**Activity**
An exact transcription of all the data is required; the pictures are to be left out.

**Data block**
[Start of Attachment]

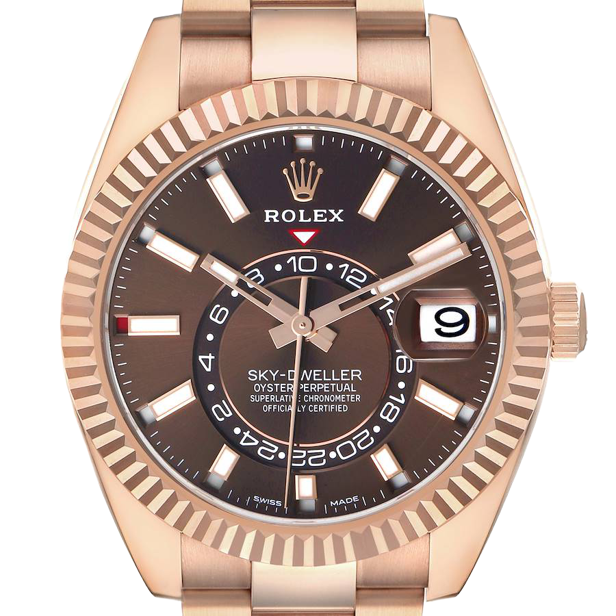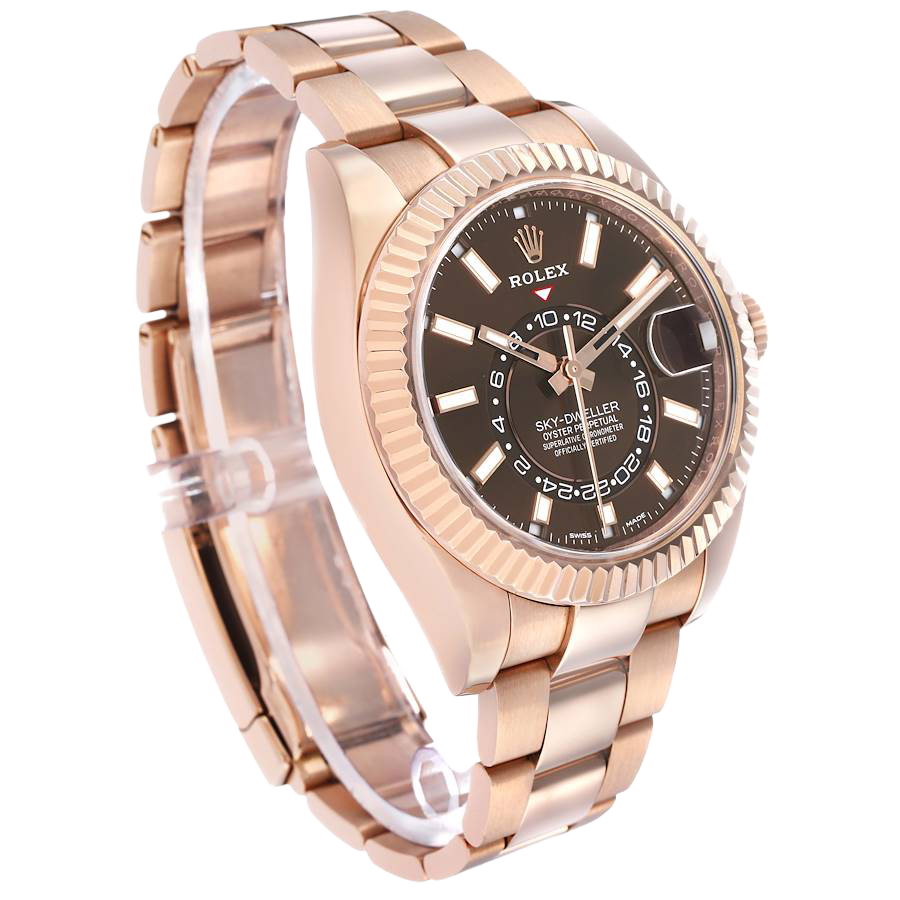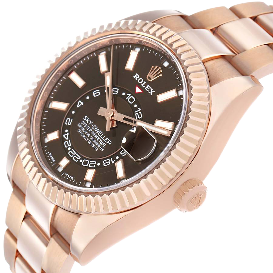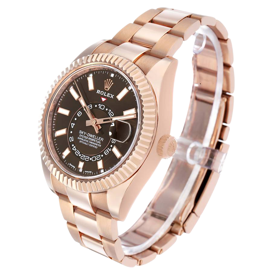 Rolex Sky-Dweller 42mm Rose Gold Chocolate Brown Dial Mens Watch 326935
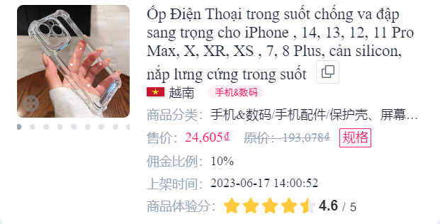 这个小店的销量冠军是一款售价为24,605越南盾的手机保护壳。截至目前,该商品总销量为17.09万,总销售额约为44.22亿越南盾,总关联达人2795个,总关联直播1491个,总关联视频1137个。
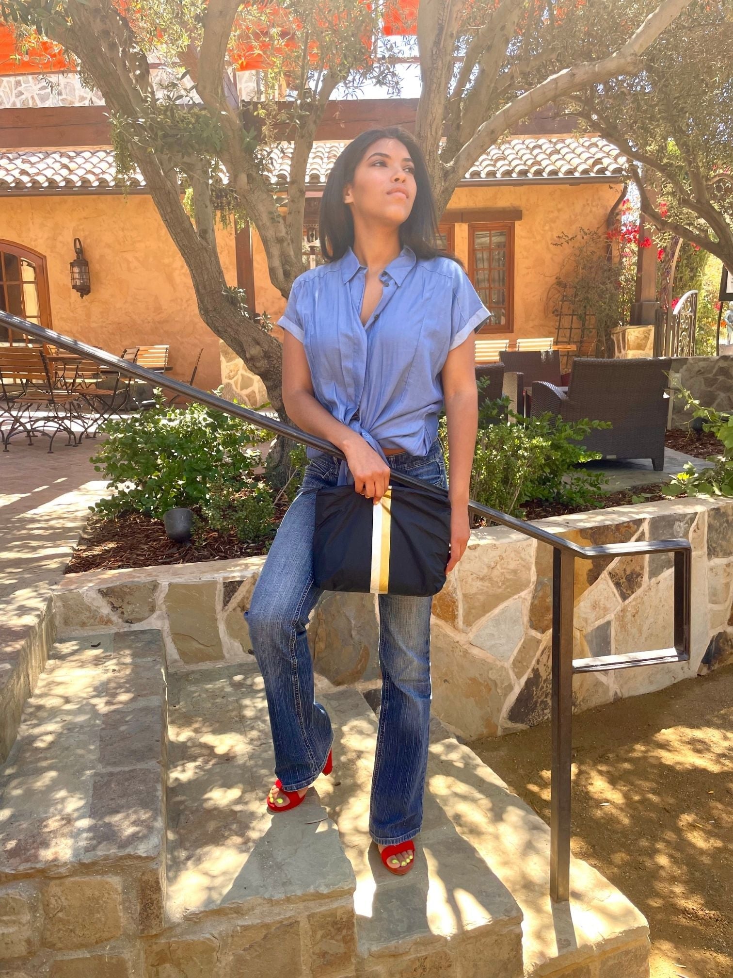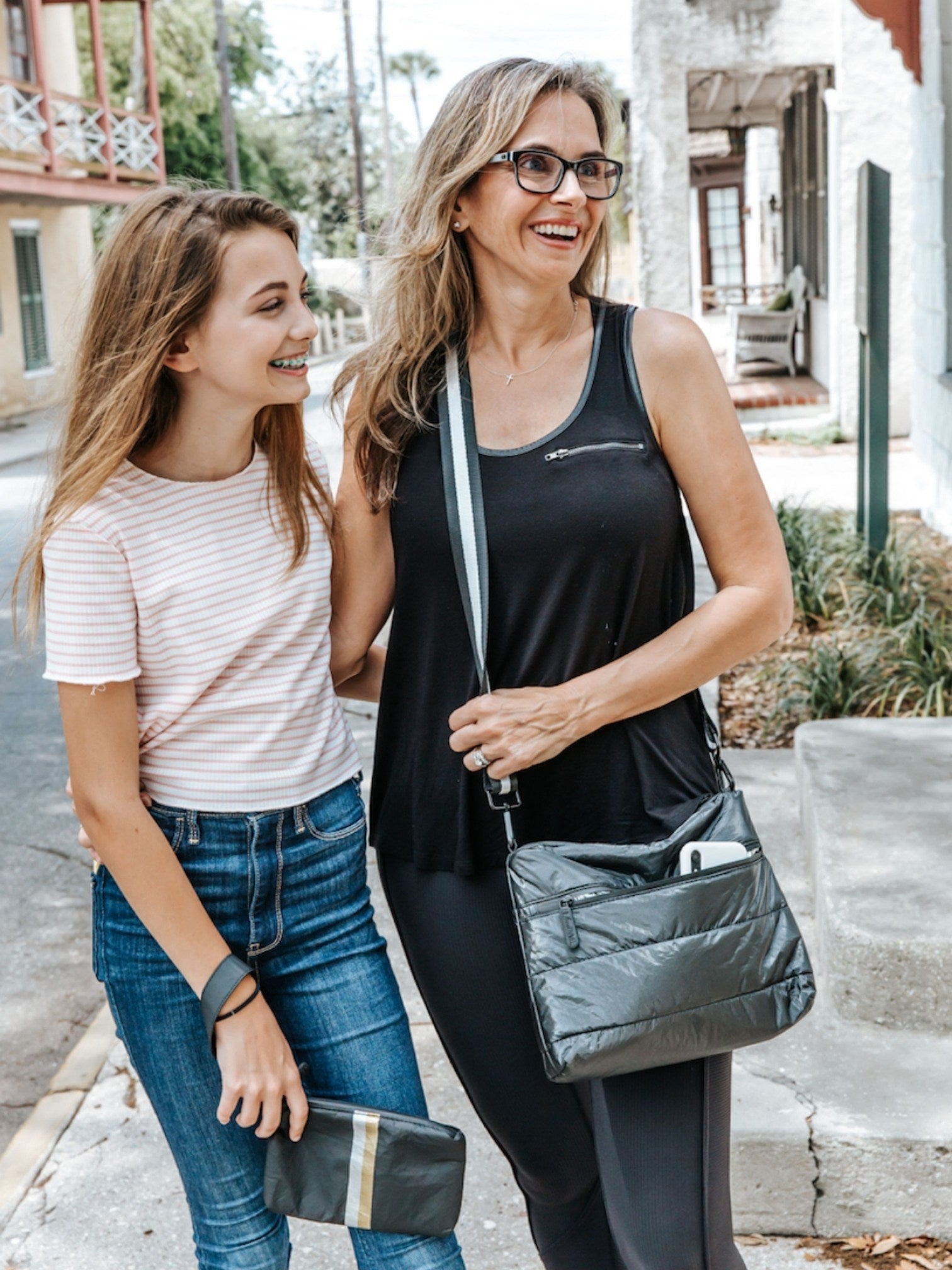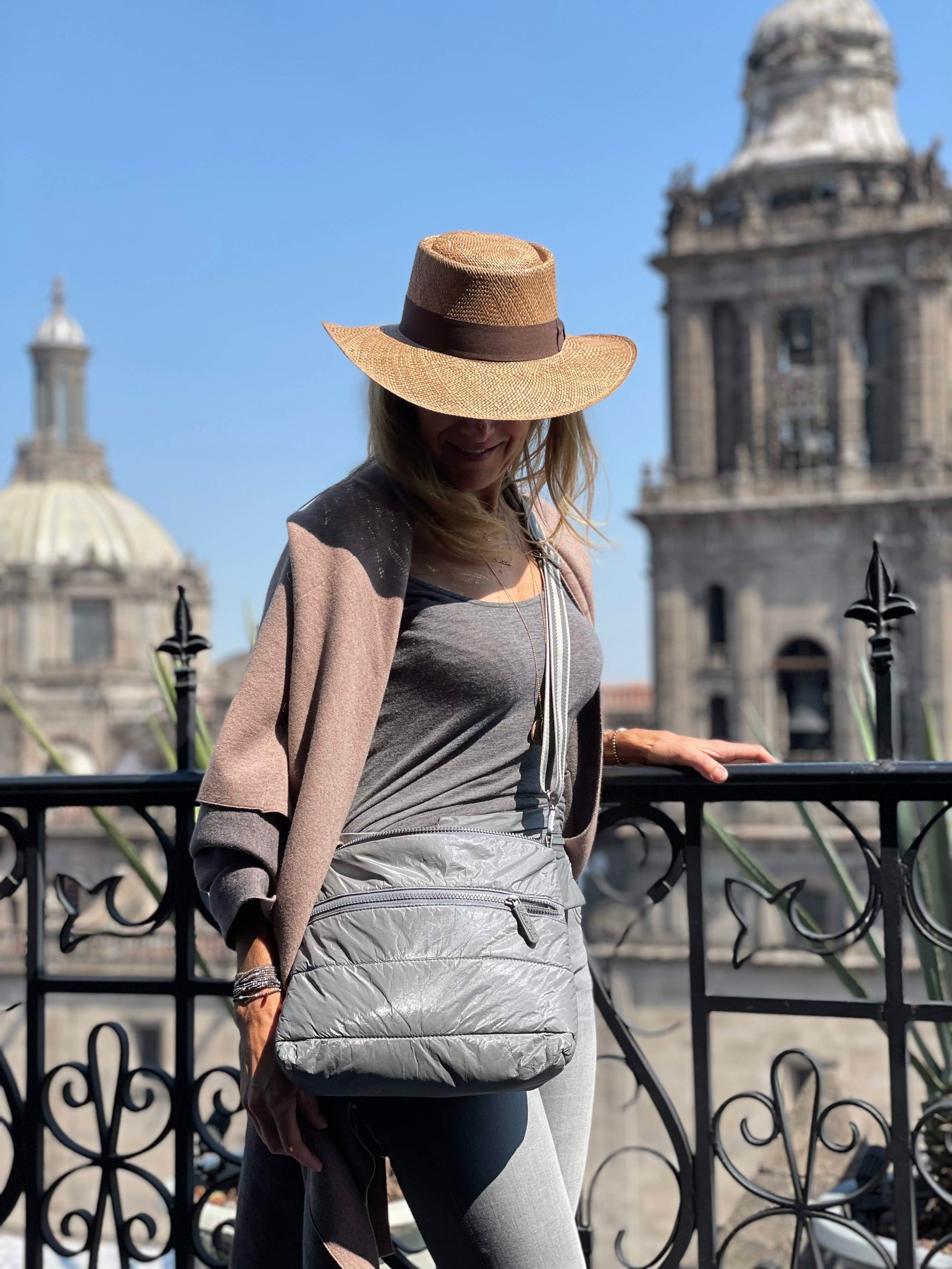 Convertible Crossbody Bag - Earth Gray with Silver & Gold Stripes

[End of Attachment]

**Response area**
 Rolex Sky-Dweller 42mm Rose Gold Chocolate Brown Dial Mens Watch 326935
 这个小店的销量冠军是一款售价为24,605越南盾的手机保护壳。截至目前,该商品总销量为17.09万,总销售额约为44.22亿越南盾,总关联达人2795个,总关联直播1491个,总关联视频1137个。
 Convertible Crossbody Bag - Earth Gray with Silver & Gold Stripes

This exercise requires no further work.